(Records drawn from a dataset)
BEGIN
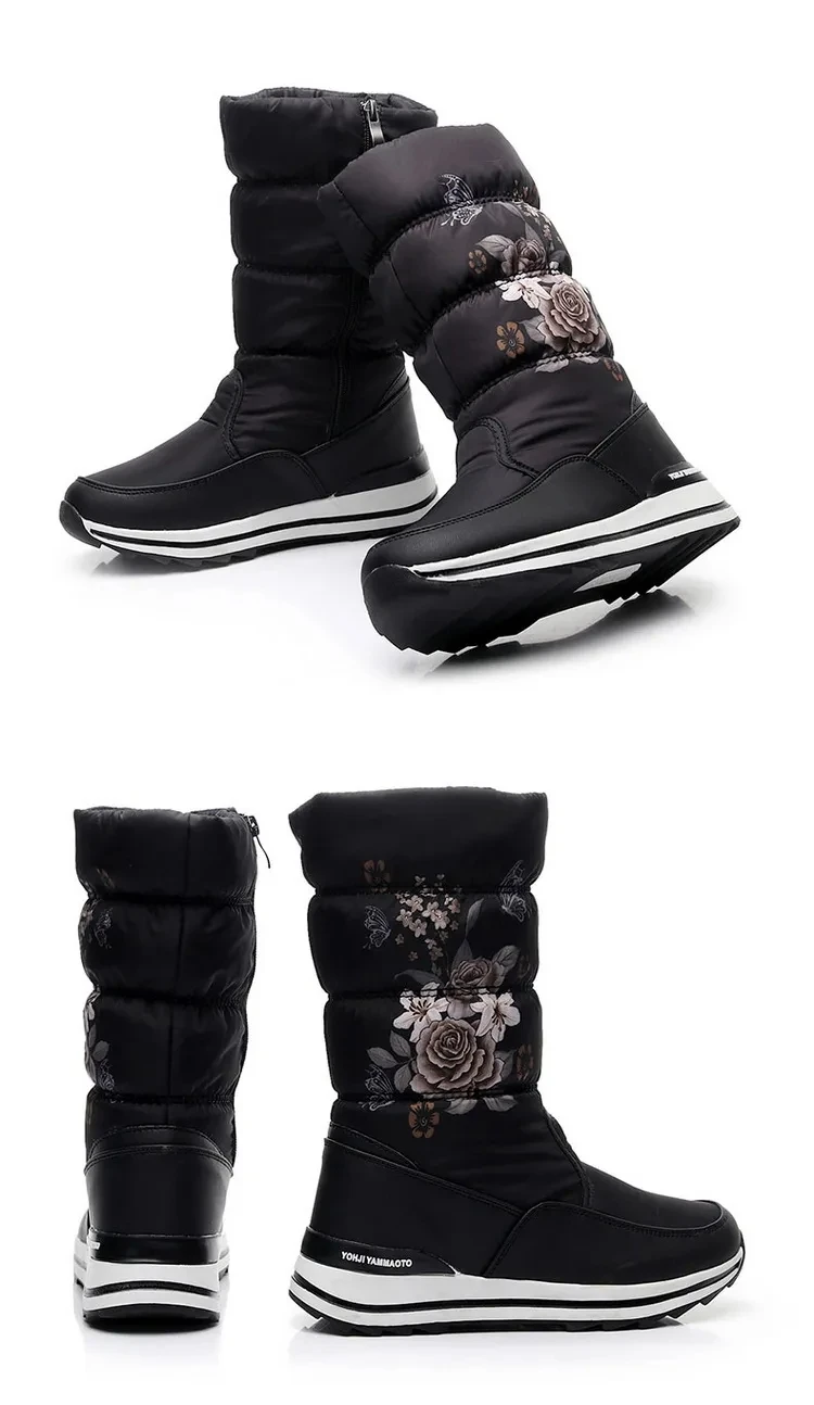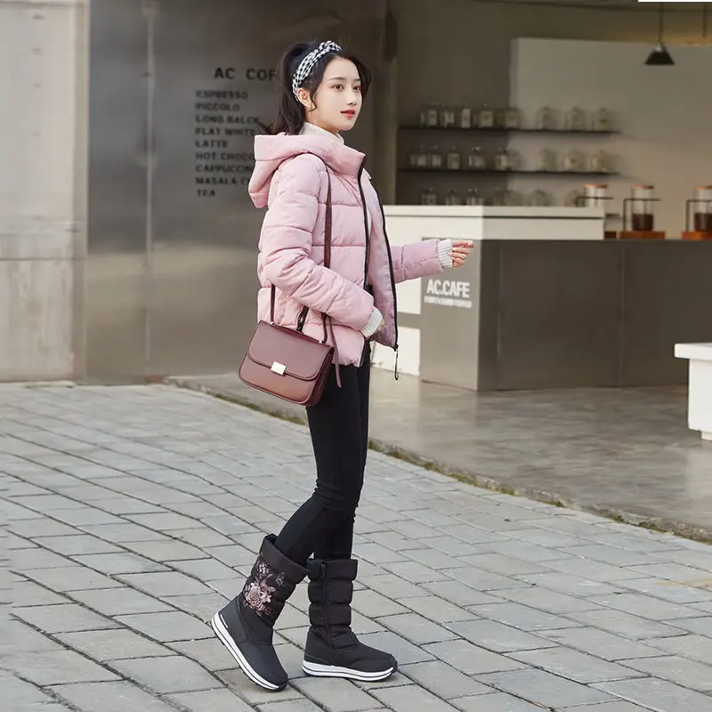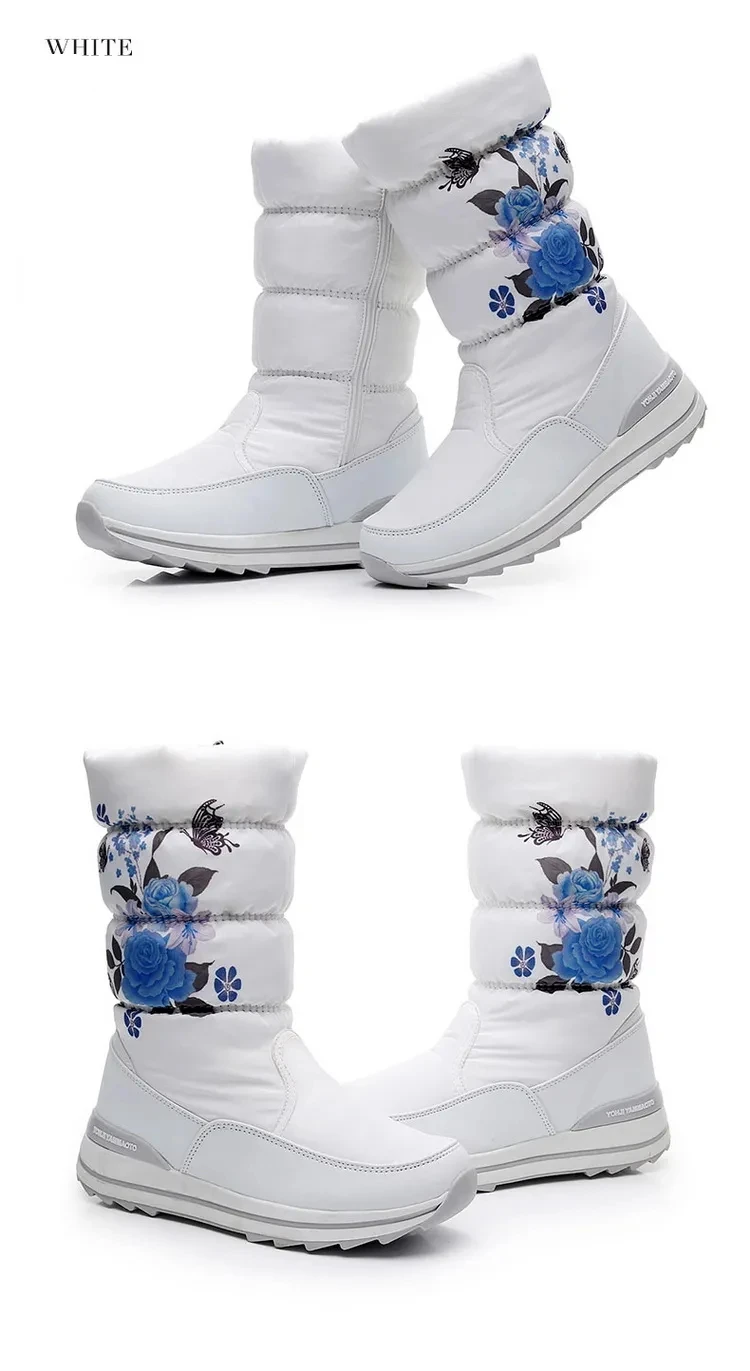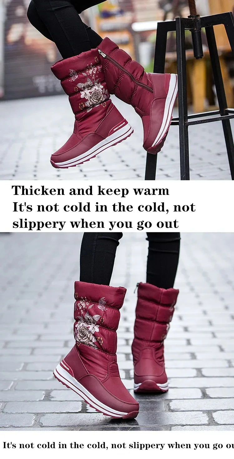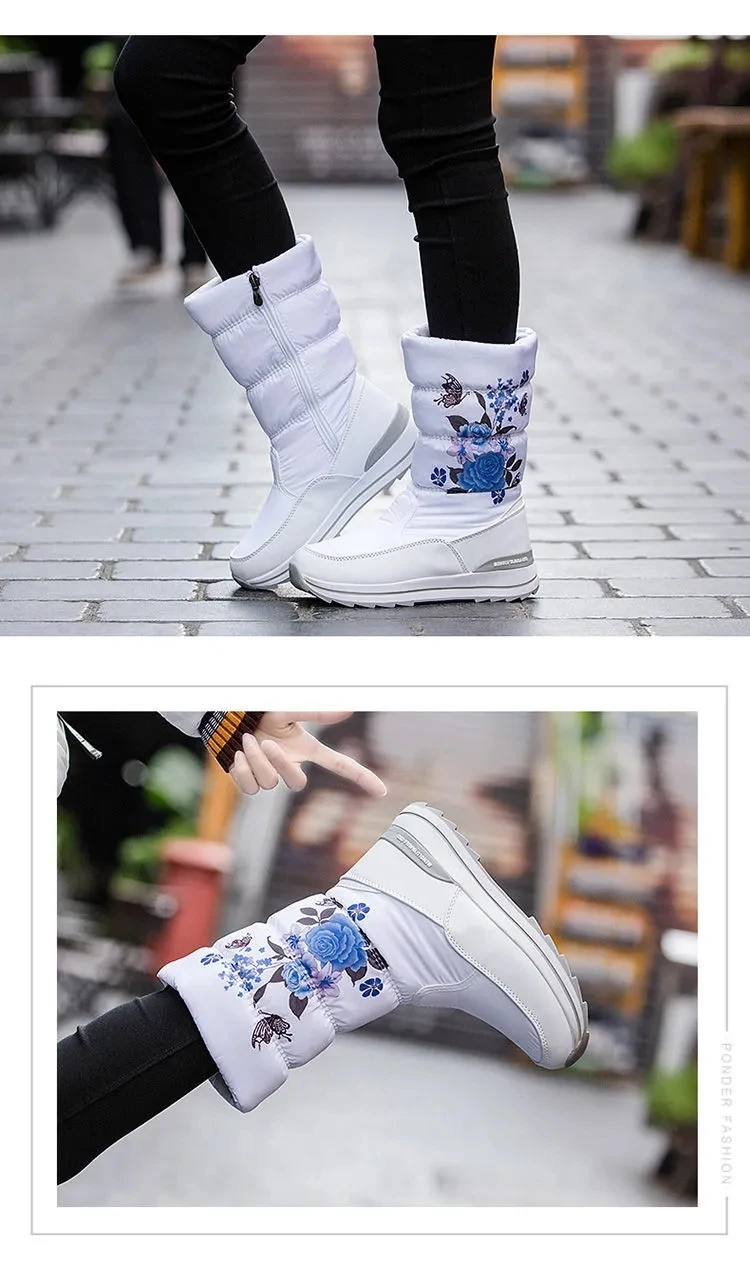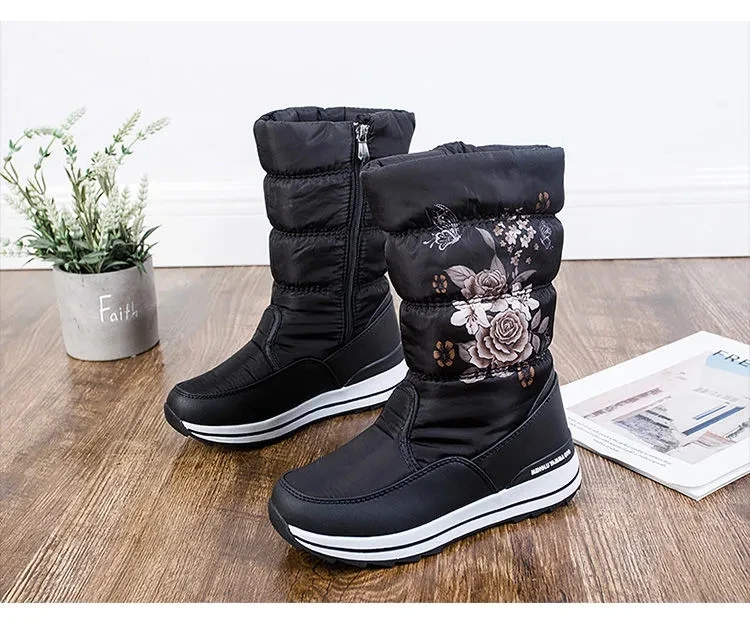 Зимние водонепроницаемые сапоги для снежной погоды, женская повседневная обувь на платформе с цветочным украшением, женская теплая обувь, новинка 2020, женские сапоги из кашемира с мехом
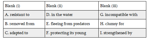 6. Analysis of 47.5-million-year-old fossils from Pakistan has yielded fresh insights into the early ancestors of modern whales. For example, Maiacetus inuus was a land animal (i)______ life in the sea. One Mariacetus inuus fossil encased a fetus positioned for a head-first delivery, which is typical of a land mammal and suggests the species gave birth onshore. But it probably spent much of its time (ii)______: its big teeth were suited for catching fish, while its flipper-like feet must have been (iii)______ walking.
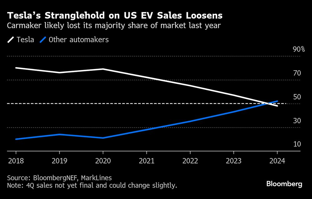 As marcas que acumularam participação de mercado às custas da Tesla variaram de acordo com o mercado. Na Califórnia, a Honda e a Hyundai ganharam a maior parte do mercado de veículos elétricos do estado no ano passado.
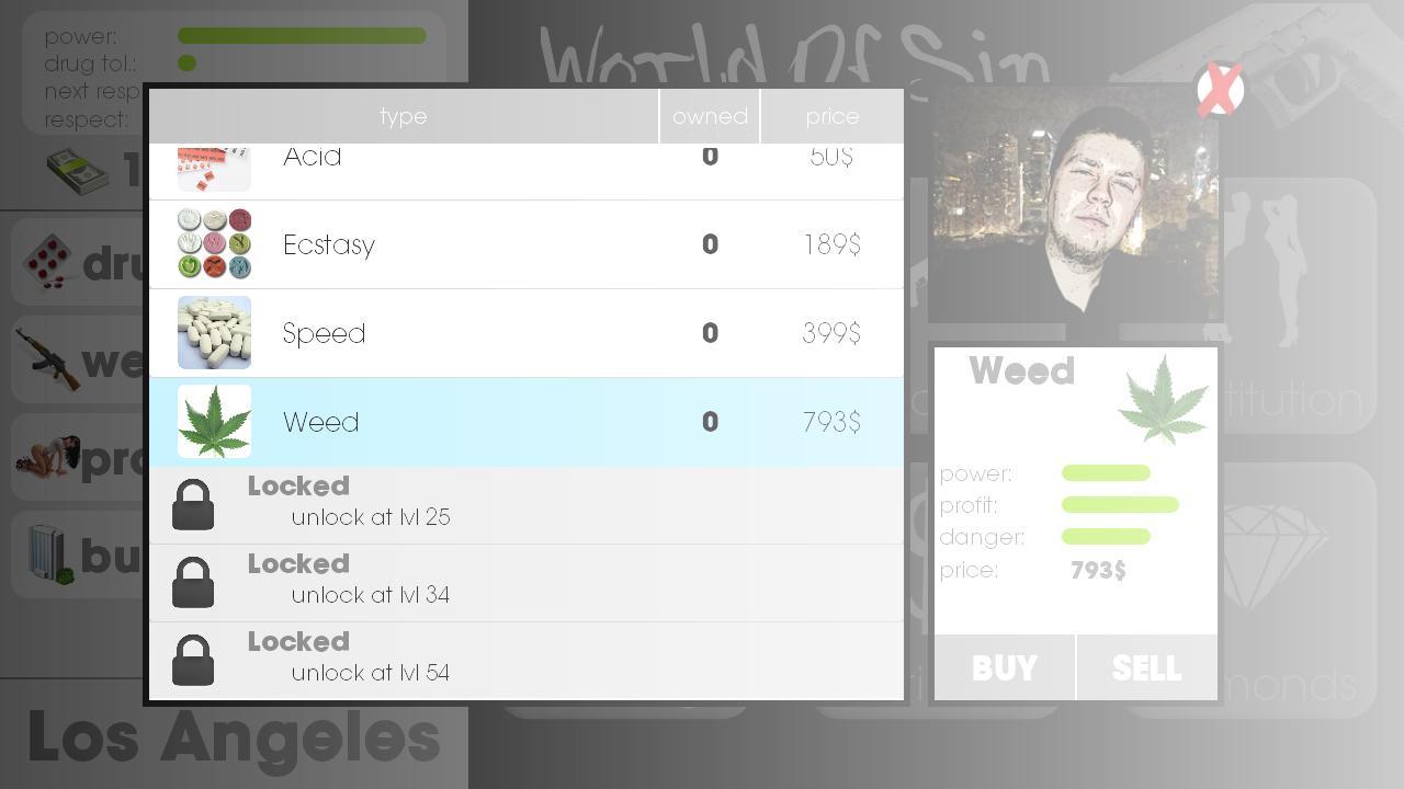 World Os Sin- RPG game. Buy and sell drugs and weapons.
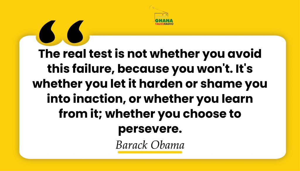 “The real test is not whether you avoid this failure, because you won’t. It’s whether you let it harden or shame you into inaction, or whether you learn from it; whether you choose to persevere.” ~Barack Obama
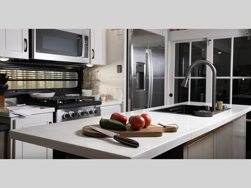 - Residential "Do it all" sink with pull-out kitchen faucet, glass rinse, and vegetable rinse
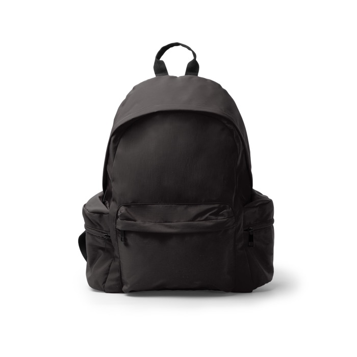 Rugzak van gerecycled 420D-nylon met een ontwerp voor je dagelijkse werk. Hij heeft een hoofdvak met een binnenvak voor een laptop tot 15'' en houdt documenten en accessoires netjes geordend. Er zijn twee dubbele zijvakken met opening aan de bovenkant en ritssluiting, plus een voorvak met rits zodat je het belangrijkste bij de hand hebt. De gewatteerde achterkant en schouderbanden zorgen voor meer comfort tijdens reizen en bezoeken. Handig als zakelijk geschenk voor beurzen, onboarding of merkacties.
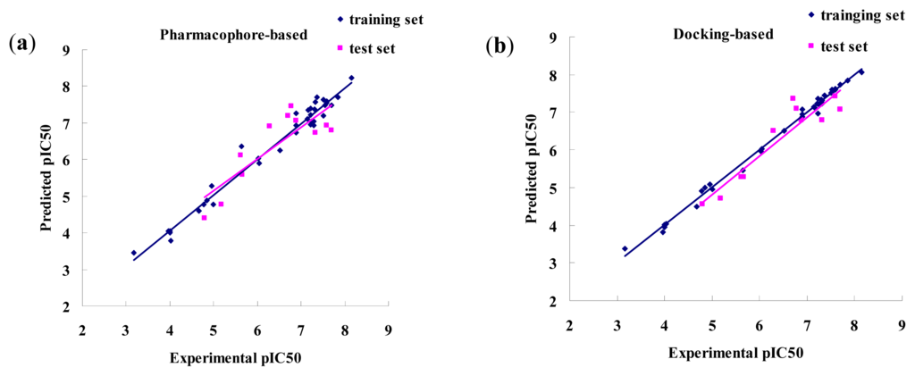 Graph of experimental values versus predicted values for training and test set compounds from CoMSIA-SEHD model. (a) For pharmacophore-based alignment, (b) for docking-based alignment.
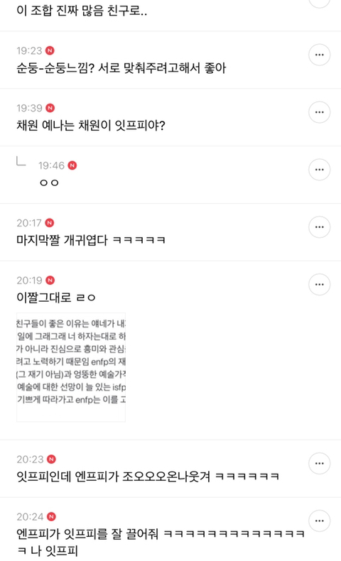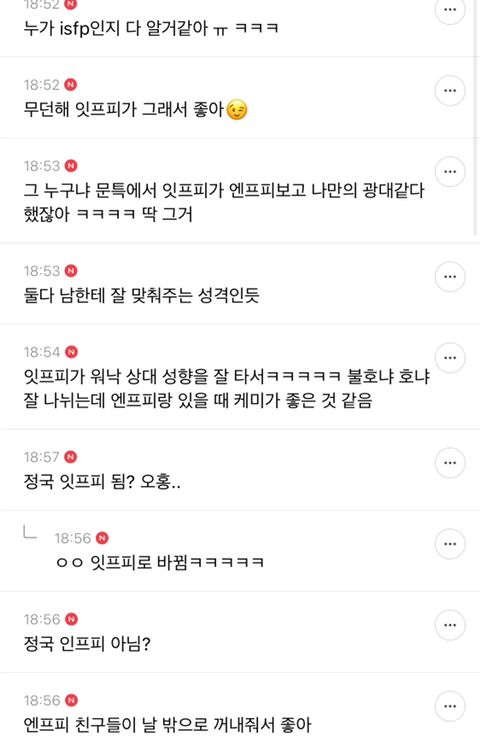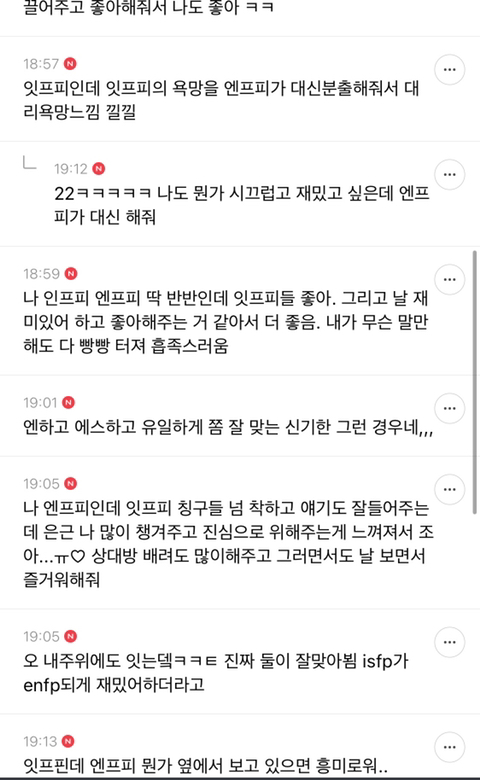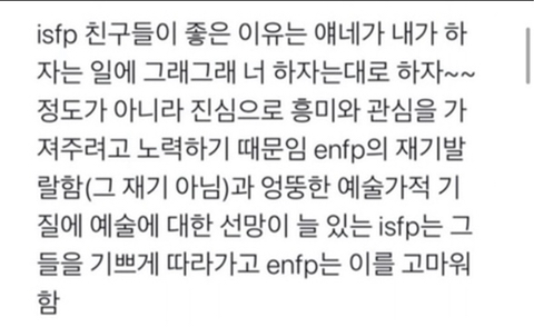 잇프피 엔프피 특유의 좋은게 좋은거지~ 하는 여유롭고 자유로운 fp 성격에 둘다 장난을 좋아해서 (엔프피는 대놓고 잇프피는 은근히) 서로 티키타카가 잘 통하는 편이야
END
### Action item
Please retype only the lines from the line that holds "and vegetable rinse" through the end of the records, exactly as they stand, and drop every picture.

### Solution
 - Residential "Do it all" sink with pull-out kitchen faucet, glass rinse, and vegetable rinse
 Rugzak van gerecycled 420D-nylon met een ontwerp voor je dagelijkse werk. Hij heeft een hoofdvak met een binnenvak voor een laptop tot 15'' en houdt documenten en accessoires netjes geordend. Er zijn twee dubbele zijvakken met opening aan de bovenkant en ritssluiting, plus een voorvak met rits zodat je het belangrijkste bij de hand hebt. De gewatteerde achterkant en schouderbanden zorgen voor meer comfort tijdens reizen en bezoeken. Handig als zakelijk geschenk voor beurzen, onboarding of merkacties.
 Graph of experimental values versus predicted values for training and test set compounds from CoMSIA-SEHD model. (a) For pharmacophore-based alignment, (b) for docking-based alignment.
 잇프피 엔프피 특유의 좋은게 좋은거지~ 하는 여유롭고 자유로운 fp 성격에 둘다 장난을 좋아해서 (엔프피는 대놓고 잇프피는 은근히) 서로 티키타카가 잘 통하는 편이야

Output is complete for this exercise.